Most people with either Dupuytren’s or Ledderhose disease find that it never progresses to the point that it significantly reduces the quality of their life. Thus, they never need any treatment.
This is the one thing that makes the decision most difficult: do I bet that in my case the disease will not progress, or do I decide to take action and get radiotherapy that I might well not have needed? Because if I’m going to take action it might be best to move quickly…
The probability of a good outcome is increased if the disease is in its early stages – it’s statistically most effective when the irradiated hand has only tiny nodules or shows nodules and no cords, or cords that are only starting to appear.
A similar remark holds for Ledderhose disease although some anecdotal evidence suggests that the radiation may be more effective later into the disease than with Dupuytren's disease.
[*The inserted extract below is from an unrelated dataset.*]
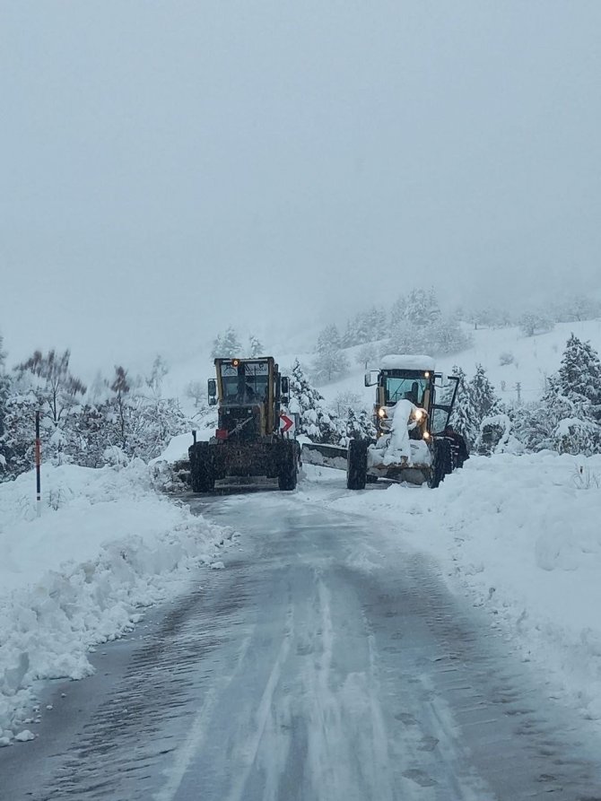 İlçenin yüksek kesimlerine yoğun şekilde yağan kar yağışı sonrasında çalışmalara başlayan Dulkadiroğlu Belediyesi Fen İşleri Müdürlüğü ekipleri, kapanan yolları trafiğe açıyor.

With Dupuytren's disease, once contracture sets in, the efficacy of radiation drops. Many radiation oncologists who treat Dupuytren's disease are reluctant to irradiate hands in which the finger is curled in towards the palm by more than about 10° because they know it won’t do much good.
Other considerations include your health history – have you been treated for something else using radiation, have you got other morbidities in the hand or foot that you are thinking of treating, do you happen to be more or less sensitive to radiation than most, and so on.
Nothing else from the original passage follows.